Using blockchain technology boosts halal export competitiveness

Micro, small and medium enterprises (MSMEs) are urged to utilize blockchain technologies to enhance halal export competitiveness in line with the country’s bid to become a respectable player in the global halal market.

In a webinar, Department of Trade and Industry (DTI) Undersecretary Abdulgani Macatoman considered blockchain a “good solution” in providing reliable data and increasing trust in the halal supply chains as it yields transparency and traceability.

“This increases the seamless and efficient halal process from farm to plate. It improves sustainability of the halal supply chains and increases consumers’ confidence in the halal brands, global recognition of the halal products,” he said.

Macatoman said halal blockchain technology thus provides “clear advantage” to manufacturers, retailers, logistic service providers, distributors and halal certification bodies to establish trust and authenticity.

“With the increasing demand on halal food, it opens a floodgate of business opportunities to our MSMEs thereby contributing to the Philippines halal exports,” he added,

IBM defined blockchain as a shared, immutable ledger that records transactions and tracks assets in a business network. Virtually anything of value can be tracked and traded on blockchain networks, reducing risks and cutting costs.

A blockchain network can track orders, payments, accounts, production, among others. As members share a single view of the truth, they can see all details of a transaction end-to-end, giving them greater confidence as well as new efficiencies and opportunities.

Dr. Marco Tieman, a professor at Help University in Malaysia, said halal is moving away from a product approach towards a supply chain and value chain approach, which is complex to manage without a halal ecosystem.

“Blockchain technology can support a transition from a product approach towards a halal supply chain and halal value chain,” he said.

Tieman cited a research project showing that the combination of the distributed ledger technology with smart contracts have the potential to create high performance halal networks.

Leah Alejandro, chief of Halal section at DTI-Export Marketing Bureau, asked the MSMEs to take advantage of the opportunities offered by the new wave of technological advancement in the global halal market, with halal food alone valued at about US$1.93 trillion by 2022.

“There are still modest fashion, halal cosmetics and pharmaceuticals, halal travel and logistics, halal media and recreation and of course Islamic finance which alone is worth US$5.22 trillion. So, there is really no dearth in opportunities in the export trade but we have to be prepared to take on the demands and standards expected by the global market,” she said.

Alejandro said blockchain technology is expected to enable the country to improve its integrity and enhance competitiveness in the area of digital claims to excellence.

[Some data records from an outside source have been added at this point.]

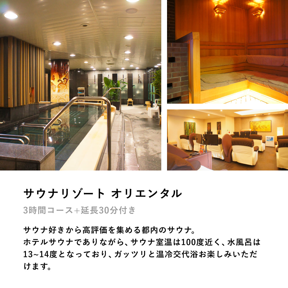 当プランでは、3時間コースにくわえて、くわえて30分の延長付き。じっくりと思う存分"ととのう”体験を。
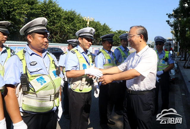 在交巡警現(xiàn)場執(zhí)勤點(diǎn),張學(xué)鋒和交巡警們親切握手,感謝他們?yōu)榫S護(hù)交通安全、有序、暢通所作出的貢獻(xiàn)。張學(xué)鋒說,高溫酷暑天氣給戶外工作的交巡警帶來嚴(yán)峻考驗(yàn),但大家依然堅(jiān)守崗位,不怕吃苦、不怕流汗,用實(shí)際行動(dòng)保障了交通秩序井然。希望大家繼續(xù)發(fā)揚(yáng)優(yōu)良工作作風(fēng),加強(qiáng)巡邏值守,規(guī)范文明執(zhí)法,保障正常交通秩序。同時(shí),社會(huì)各界也要體諒交巡警的辛苦,自覺遵守交通規(guī)則,共同維護(hù)好云陽文明縣城的良好形象。
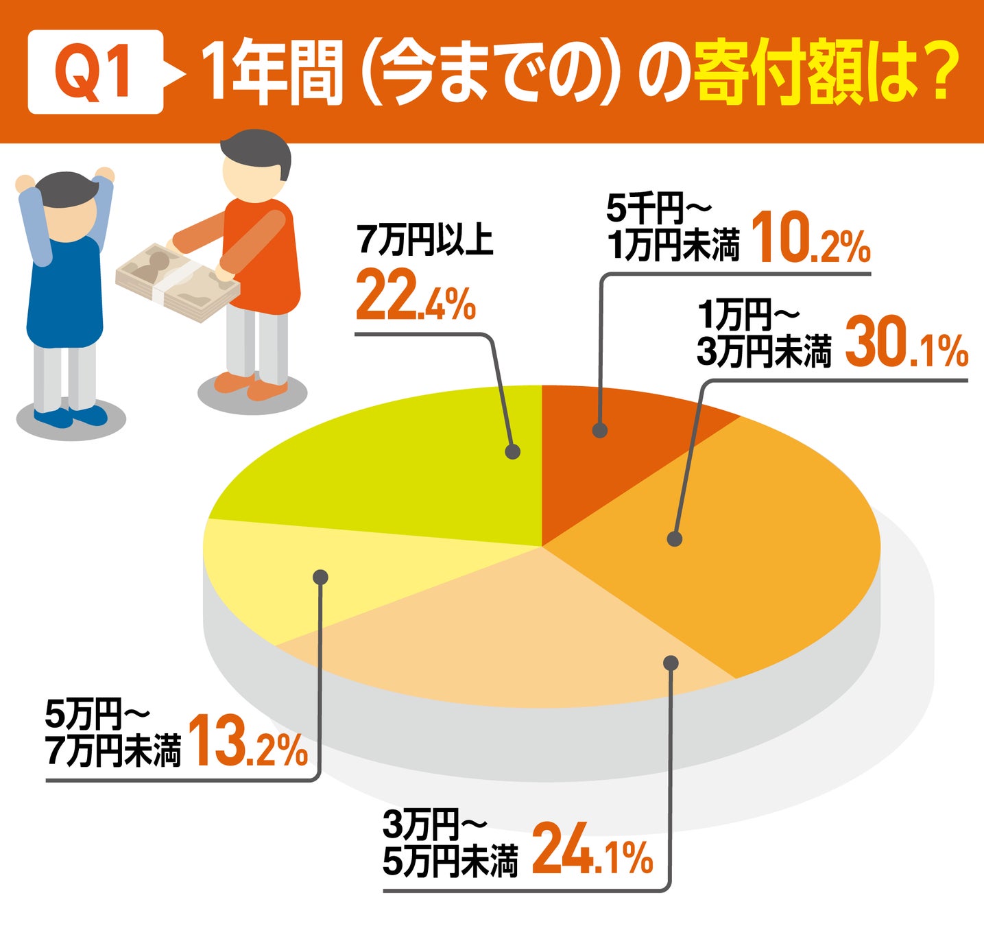 寄付額が「1万円~3万円未満」の人が最も多く、1万円未満と合わせると寄付額は3万円未満という人が全体の約40%でした。

“For businesses, how to identify and keep track of everything that gives value and still achieve new efficiencies and increased productivity,” she added. “(In) exporting halal certified products and services, as with certified organic or in Kosher, we need to prove
that our standards are at par with acceptable international standards. We need to build trust, something very challenging to do since we are still very young, almost a baby in the certified world.”